**What is expected**
Your task is to restate word for word the lines in the material below, from the one with "Сейчас пять политических" up to and including the one with "- ピンク 背面クリア". Do not carry over the pictures.

**Listed entries**
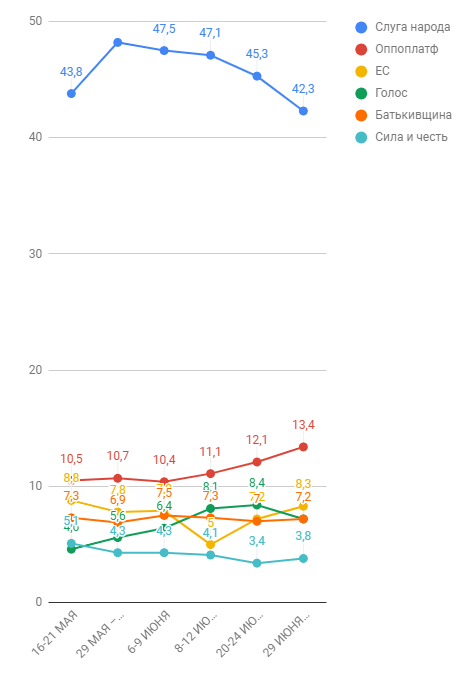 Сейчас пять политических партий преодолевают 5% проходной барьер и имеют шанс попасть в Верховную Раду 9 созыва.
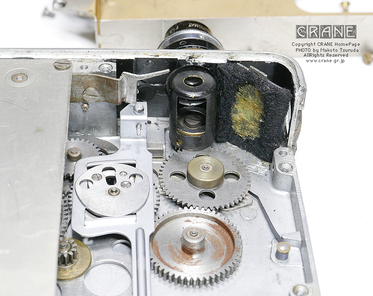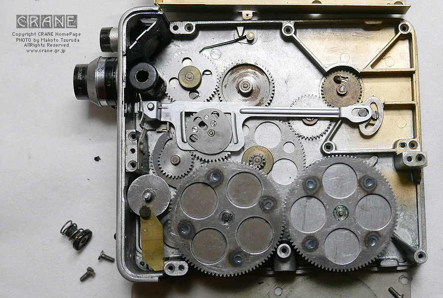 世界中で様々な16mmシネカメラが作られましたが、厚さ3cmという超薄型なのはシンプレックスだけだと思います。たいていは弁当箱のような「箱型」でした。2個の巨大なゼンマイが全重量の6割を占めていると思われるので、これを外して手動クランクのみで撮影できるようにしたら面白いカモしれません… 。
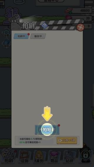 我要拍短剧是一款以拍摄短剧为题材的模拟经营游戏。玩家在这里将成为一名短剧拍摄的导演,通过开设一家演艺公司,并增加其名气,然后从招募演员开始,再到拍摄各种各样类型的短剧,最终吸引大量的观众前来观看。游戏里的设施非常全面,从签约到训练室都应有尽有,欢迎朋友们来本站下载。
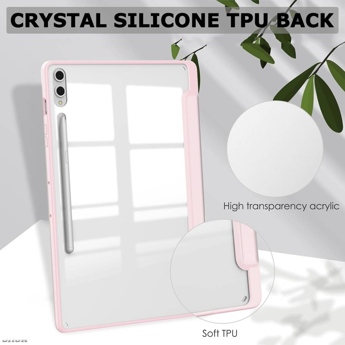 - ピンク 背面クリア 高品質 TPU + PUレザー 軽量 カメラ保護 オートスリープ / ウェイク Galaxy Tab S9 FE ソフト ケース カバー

---

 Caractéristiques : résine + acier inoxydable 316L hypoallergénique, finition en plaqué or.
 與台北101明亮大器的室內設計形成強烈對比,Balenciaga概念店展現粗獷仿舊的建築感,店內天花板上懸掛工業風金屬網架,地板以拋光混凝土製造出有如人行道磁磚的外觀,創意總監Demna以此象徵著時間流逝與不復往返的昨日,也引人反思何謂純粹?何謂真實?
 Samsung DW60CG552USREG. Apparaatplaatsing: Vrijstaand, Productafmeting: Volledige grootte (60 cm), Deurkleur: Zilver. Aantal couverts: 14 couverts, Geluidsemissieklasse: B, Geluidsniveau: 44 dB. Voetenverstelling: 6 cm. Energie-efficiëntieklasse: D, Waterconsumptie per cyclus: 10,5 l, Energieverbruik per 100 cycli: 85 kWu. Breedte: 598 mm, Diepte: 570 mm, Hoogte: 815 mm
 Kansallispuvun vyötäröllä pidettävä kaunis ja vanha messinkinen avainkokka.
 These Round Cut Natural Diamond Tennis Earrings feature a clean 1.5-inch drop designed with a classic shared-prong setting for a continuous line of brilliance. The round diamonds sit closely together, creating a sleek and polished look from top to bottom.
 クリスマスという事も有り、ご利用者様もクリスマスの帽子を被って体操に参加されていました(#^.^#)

--

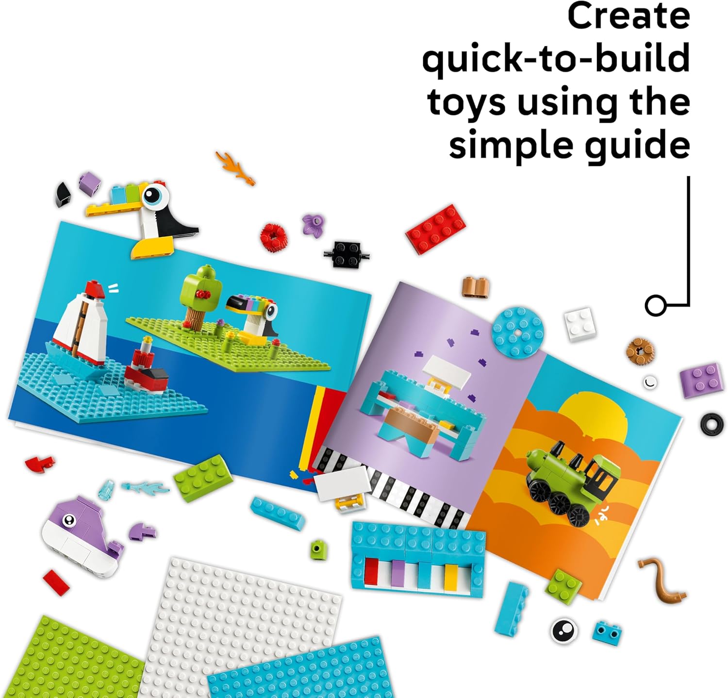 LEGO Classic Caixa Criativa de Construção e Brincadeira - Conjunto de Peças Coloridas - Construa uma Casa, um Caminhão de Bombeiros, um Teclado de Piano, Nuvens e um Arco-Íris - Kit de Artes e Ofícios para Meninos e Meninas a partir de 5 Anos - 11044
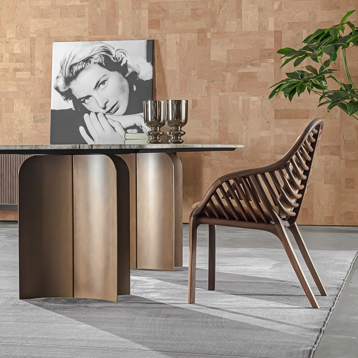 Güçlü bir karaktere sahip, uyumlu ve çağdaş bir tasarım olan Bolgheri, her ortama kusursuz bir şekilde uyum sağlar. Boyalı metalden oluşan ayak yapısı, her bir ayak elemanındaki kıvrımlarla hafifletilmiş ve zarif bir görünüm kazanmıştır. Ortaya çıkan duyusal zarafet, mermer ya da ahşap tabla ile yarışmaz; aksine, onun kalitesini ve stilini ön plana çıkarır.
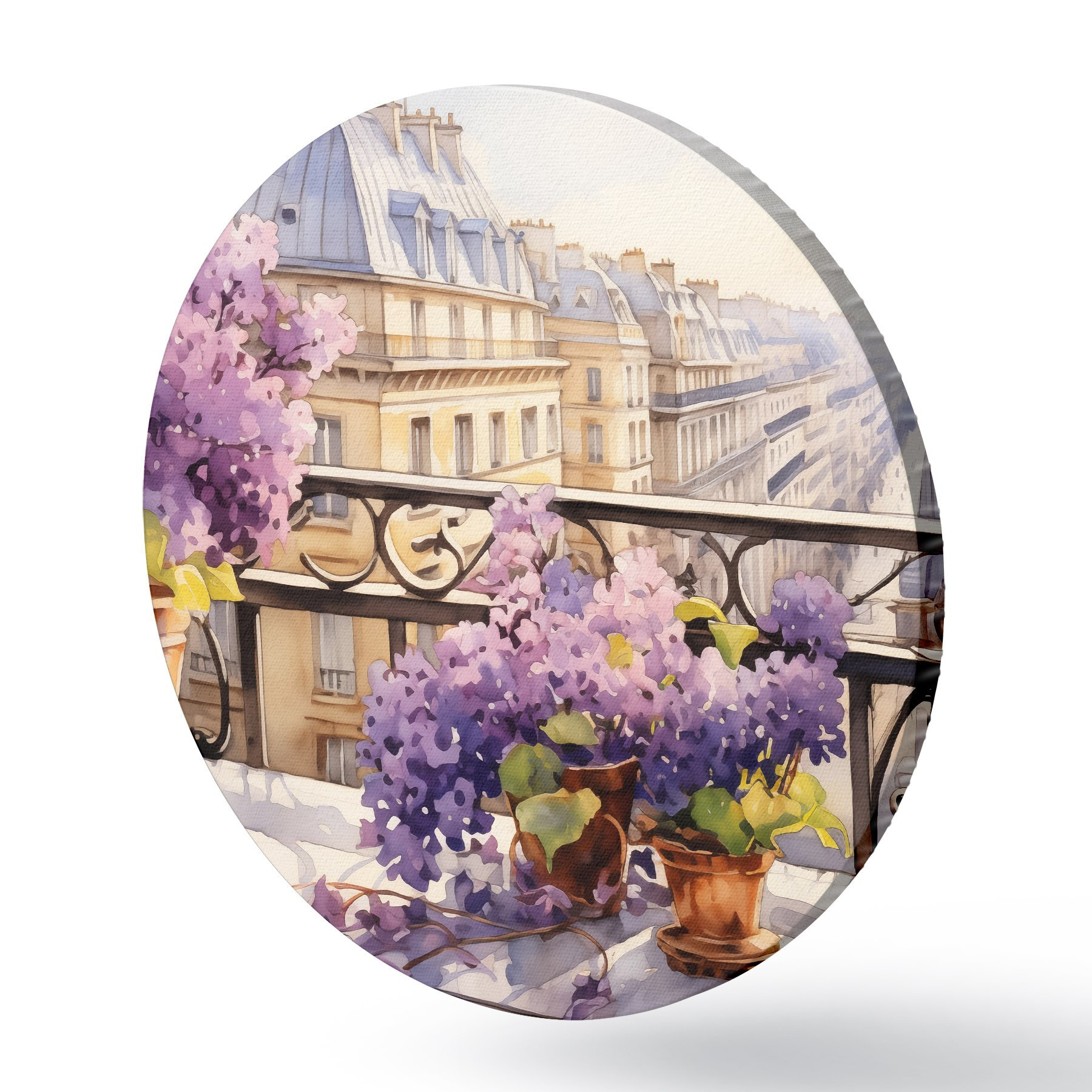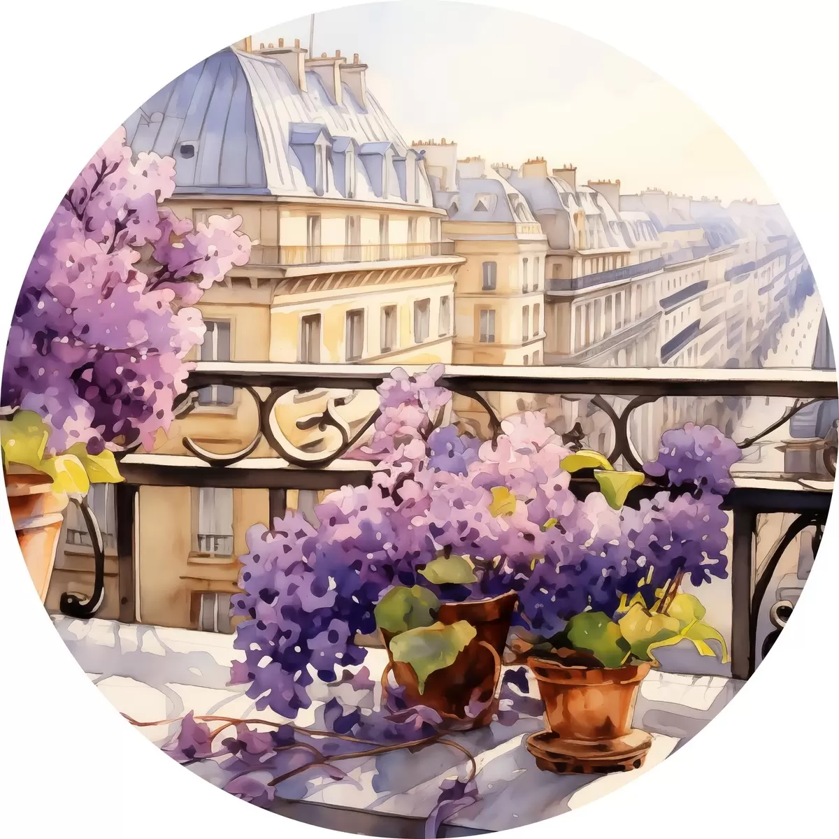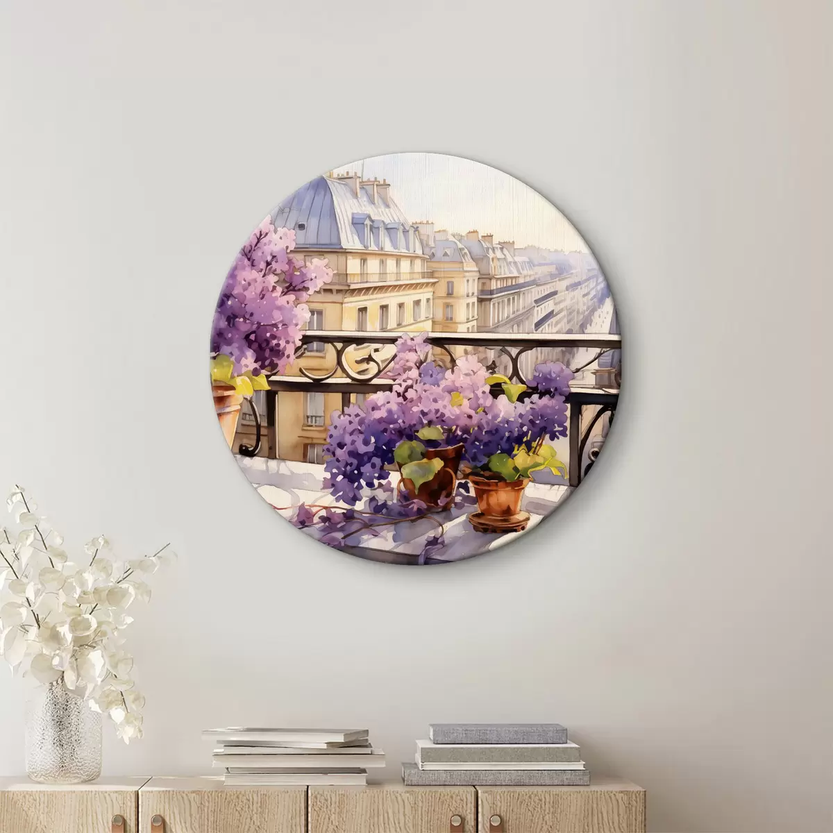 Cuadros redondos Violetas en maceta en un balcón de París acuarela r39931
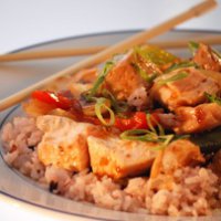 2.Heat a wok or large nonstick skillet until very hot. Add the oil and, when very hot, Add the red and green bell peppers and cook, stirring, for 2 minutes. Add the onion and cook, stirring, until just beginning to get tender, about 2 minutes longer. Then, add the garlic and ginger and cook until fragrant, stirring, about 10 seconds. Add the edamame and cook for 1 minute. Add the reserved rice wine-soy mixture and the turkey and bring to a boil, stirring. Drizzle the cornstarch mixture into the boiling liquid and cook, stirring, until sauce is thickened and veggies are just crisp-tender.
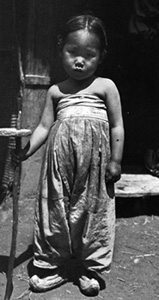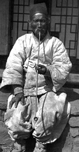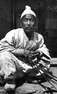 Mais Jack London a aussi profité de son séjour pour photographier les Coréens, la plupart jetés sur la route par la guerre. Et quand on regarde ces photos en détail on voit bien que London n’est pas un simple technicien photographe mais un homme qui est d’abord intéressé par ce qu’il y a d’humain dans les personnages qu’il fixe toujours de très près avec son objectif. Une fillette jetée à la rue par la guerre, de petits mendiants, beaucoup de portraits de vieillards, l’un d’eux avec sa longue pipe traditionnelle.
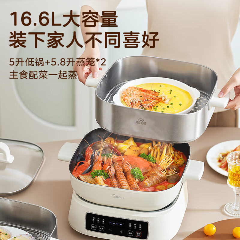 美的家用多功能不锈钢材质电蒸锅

**Finished exercise**
 Сейчас пять политических партий преодолевают 5% проходной барьер и имеют шанс попасть в Верховную Раду 9 созыва.
 世界中で様々な16mmシネカメラが作られましたが、厚さ3cmという超薄型なのはシンプレックスだけだと思います。たいていは弁当箱のような「箱型」でした。2個の巨大なゼンマイが全重量の6割を占めていると思われるので、これを外して手動クランクのみで撮影できるようにしたら面白いカモしれません… 。
 我要拍短剧是一款以拍摄短剧为题材的模拟经营游戏。玩家在这里将成为一名短剧拍摄的导演,通过开设一家演艺公司,并增加其名气,然后从招募演员开始,再到拍摄各种各样类型的短剧,最终吸引大量的观众前来观看。游戏里的设施非常全面,从签约到训练室都应有尽有,欢迎朋友们来本站下载。
 - ピンク 背面クリア 高品質 TPU + PUレザー 軽量 カメラ保護 オートスリープ / ウェイク Galaxy Tab S9 FE ソフト ケース カバー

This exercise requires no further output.